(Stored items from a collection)
*** Block opens ***
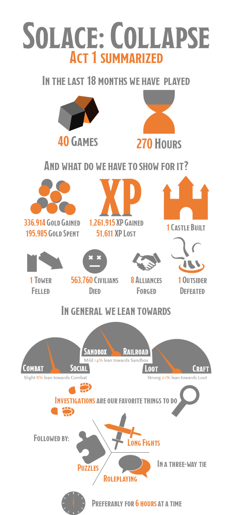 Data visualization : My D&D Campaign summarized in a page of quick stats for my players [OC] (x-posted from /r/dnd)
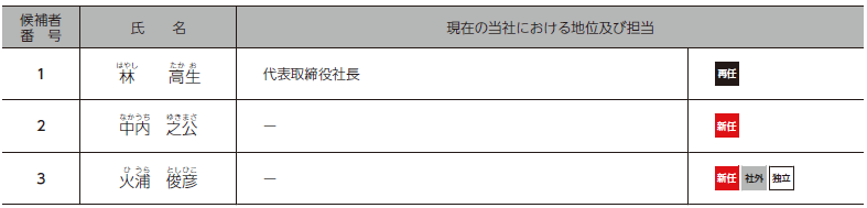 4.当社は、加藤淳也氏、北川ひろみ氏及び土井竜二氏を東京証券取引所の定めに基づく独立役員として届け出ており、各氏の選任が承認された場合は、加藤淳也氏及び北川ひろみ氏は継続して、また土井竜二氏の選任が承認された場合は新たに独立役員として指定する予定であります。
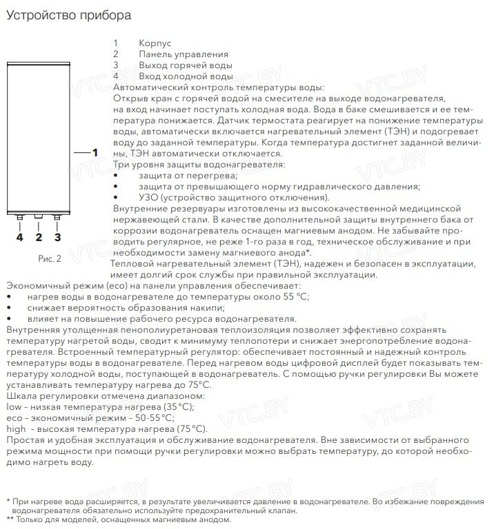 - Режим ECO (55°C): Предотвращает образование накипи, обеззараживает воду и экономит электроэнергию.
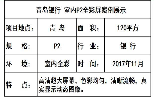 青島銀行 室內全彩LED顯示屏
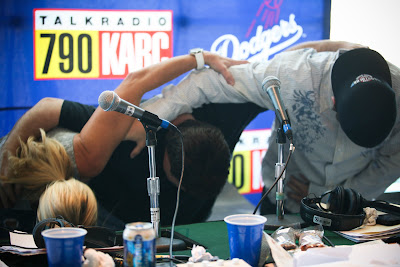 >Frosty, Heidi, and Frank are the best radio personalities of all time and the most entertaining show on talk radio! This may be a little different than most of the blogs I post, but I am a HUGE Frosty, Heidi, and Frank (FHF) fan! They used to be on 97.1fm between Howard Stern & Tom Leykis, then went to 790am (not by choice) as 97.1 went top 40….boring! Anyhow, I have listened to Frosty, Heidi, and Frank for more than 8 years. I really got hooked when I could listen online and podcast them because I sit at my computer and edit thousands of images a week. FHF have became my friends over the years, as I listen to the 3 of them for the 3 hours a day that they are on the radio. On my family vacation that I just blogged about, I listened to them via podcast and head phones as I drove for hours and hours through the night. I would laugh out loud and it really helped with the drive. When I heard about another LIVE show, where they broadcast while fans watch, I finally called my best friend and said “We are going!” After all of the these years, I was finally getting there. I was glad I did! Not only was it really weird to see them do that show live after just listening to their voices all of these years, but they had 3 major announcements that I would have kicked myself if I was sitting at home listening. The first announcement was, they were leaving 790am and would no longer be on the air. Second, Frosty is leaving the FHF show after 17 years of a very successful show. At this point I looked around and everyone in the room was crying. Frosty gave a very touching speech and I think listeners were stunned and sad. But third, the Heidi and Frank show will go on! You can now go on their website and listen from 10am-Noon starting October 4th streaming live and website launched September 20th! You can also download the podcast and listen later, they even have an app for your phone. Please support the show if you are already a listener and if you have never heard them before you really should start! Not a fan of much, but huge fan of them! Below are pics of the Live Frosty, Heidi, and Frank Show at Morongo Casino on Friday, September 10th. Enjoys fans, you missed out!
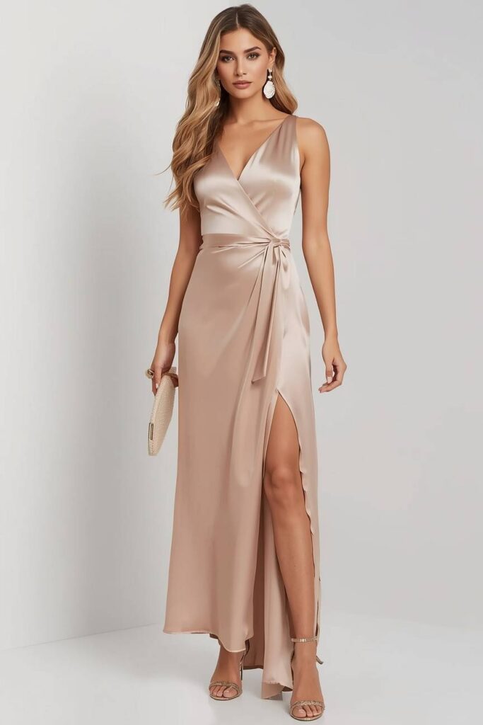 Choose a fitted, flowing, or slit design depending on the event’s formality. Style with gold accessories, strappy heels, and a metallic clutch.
*** Block closes ***
*** Block opens ***
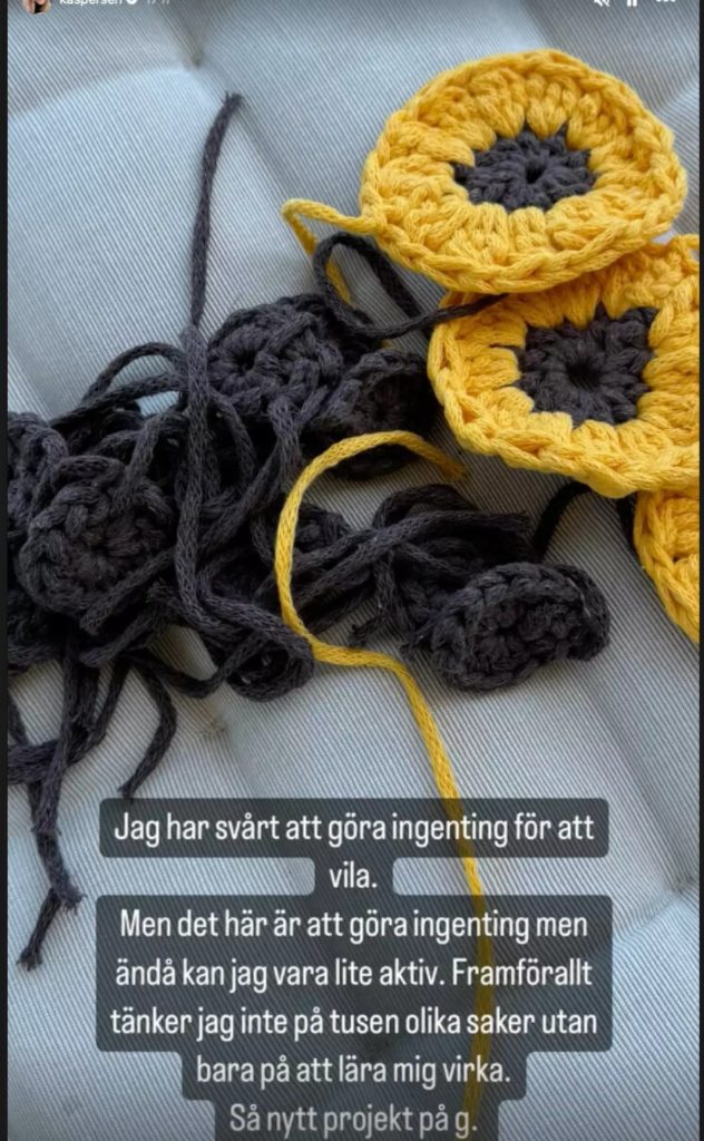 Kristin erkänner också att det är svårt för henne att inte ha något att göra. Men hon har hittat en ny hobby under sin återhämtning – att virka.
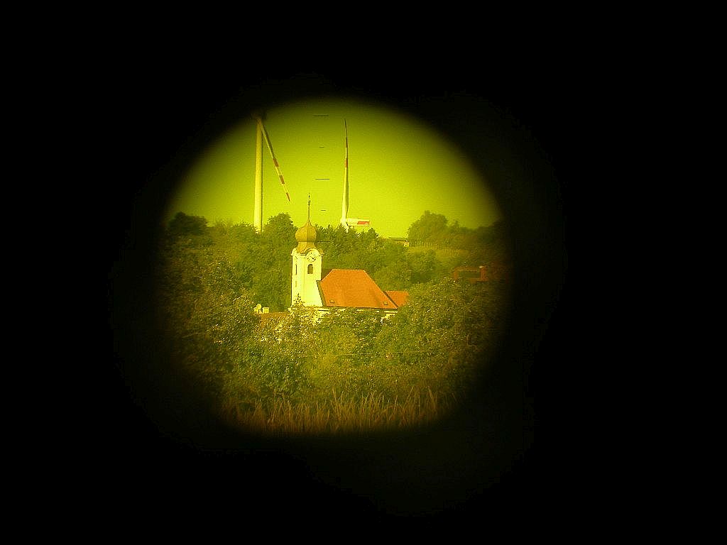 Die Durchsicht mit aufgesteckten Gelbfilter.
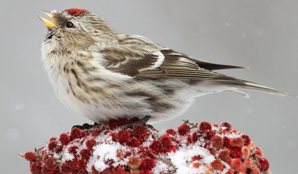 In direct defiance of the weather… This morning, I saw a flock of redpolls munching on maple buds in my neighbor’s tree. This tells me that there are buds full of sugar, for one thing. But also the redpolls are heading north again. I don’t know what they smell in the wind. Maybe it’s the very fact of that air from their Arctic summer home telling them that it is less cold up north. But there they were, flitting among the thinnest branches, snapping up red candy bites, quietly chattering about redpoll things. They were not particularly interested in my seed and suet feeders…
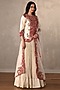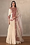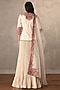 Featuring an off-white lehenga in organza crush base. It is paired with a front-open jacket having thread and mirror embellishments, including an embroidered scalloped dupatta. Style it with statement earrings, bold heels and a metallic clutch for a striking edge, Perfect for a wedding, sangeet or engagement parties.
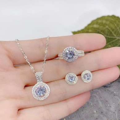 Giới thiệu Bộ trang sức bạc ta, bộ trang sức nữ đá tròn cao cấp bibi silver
*** Block closes ***
*** Block opens ***
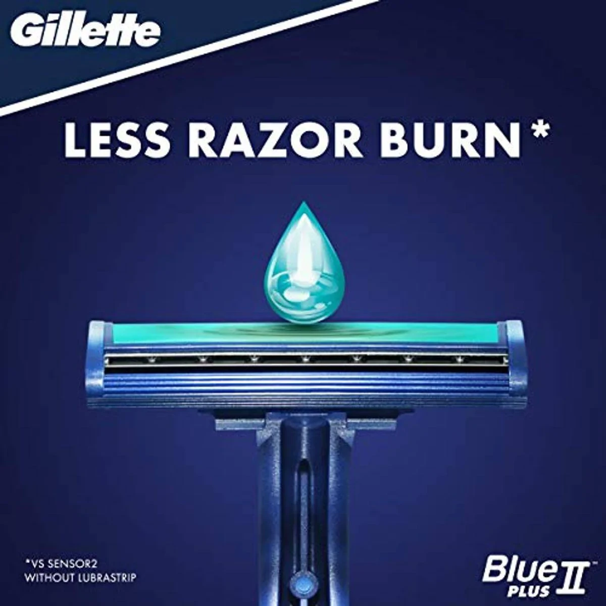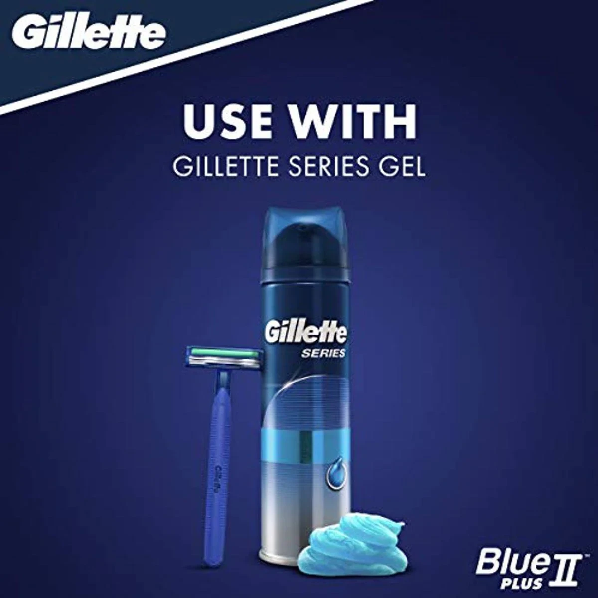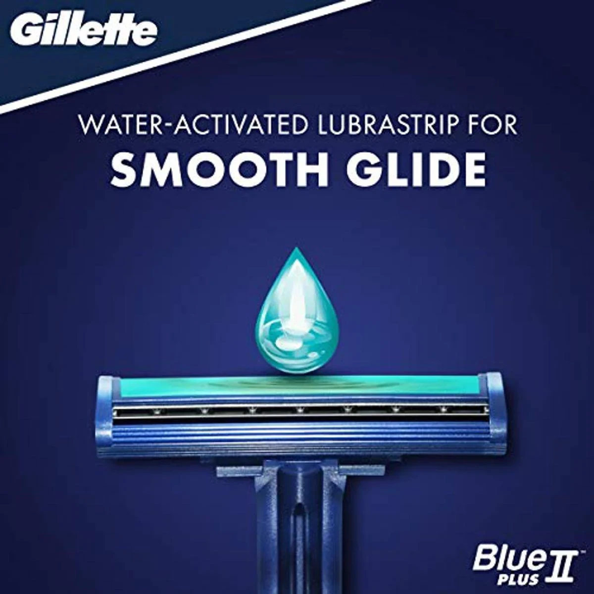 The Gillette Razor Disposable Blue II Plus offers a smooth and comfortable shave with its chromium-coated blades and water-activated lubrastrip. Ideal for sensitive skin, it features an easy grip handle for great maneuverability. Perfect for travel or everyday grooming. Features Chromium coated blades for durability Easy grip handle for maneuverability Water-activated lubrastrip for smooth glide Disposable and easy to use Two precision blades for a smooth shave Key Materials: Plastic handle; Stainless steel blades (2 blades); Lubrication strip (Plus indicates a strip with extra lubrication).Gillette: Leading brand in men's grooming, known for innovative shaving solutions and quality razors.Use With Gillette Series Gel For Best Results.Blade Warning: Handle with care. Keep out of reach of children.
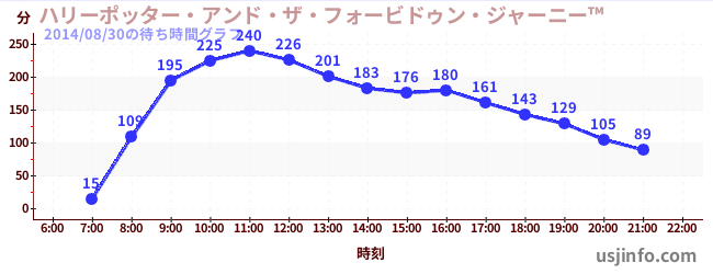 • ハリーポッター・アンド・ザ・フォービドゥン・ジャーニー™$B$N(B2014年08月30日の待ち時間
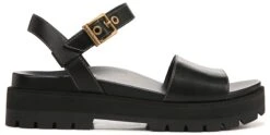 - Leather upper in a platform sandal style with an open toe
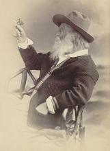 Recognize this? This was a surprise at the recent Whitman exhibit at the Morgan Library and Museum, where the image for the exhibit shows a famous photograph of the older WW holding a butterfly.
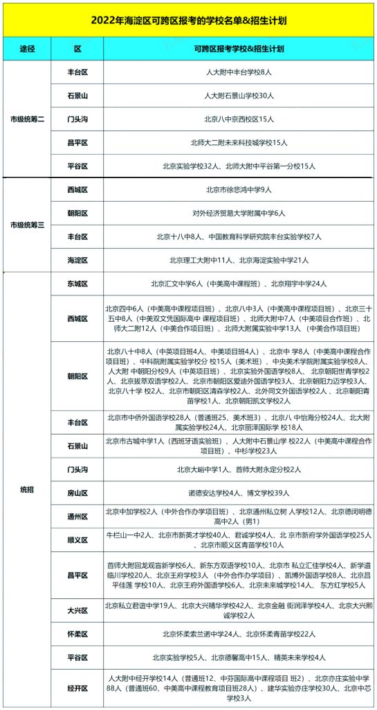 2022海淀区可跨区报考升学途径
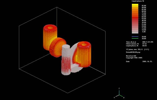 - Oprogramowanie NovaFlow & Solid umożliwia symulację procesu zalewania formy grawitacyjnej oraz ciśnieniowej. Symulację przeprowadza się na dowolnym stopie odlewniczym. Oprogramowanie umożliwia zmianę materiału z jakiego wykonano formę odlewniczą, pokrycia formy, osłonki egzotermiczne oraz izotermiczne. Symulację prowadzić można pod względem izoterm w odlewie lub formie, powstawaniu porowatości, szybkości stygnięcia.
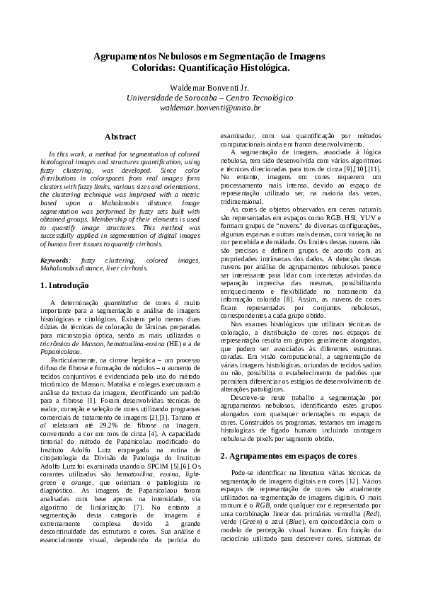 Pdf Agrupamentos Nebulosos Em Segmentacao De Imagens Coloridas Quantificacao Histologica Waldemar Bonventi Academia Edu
*** Block closes ***
Your instructions
Above are the records; restate exactly the lines from the one containing "Data visualization : My" through the one containing "青島銀行 室內全彩LED顯示屏", keeping pictures out.

Task output
 Data visualization : My D&D Campaign summarized in a page of quick stats for my players [OC] (x-posted from /r/dnd)
 4.当社は、加藤淳也氏、北川ひろみ氏及び土井竜二氏を東京証券取引所の定めに基づく独立役員として届け出ており、各氏の選任が承認された場合は、加藤淳也氏及び北川ひろみ氏は継続して、また土井竜二氏の選任が承認された場合は新たに独立役員として指定する予定であります。
 - Режим ECO (55°C): Предотвращает образование накипи, обеззараживает воду и экономит электроэнергию.
 青島銀行 室內全彩LED顯示屏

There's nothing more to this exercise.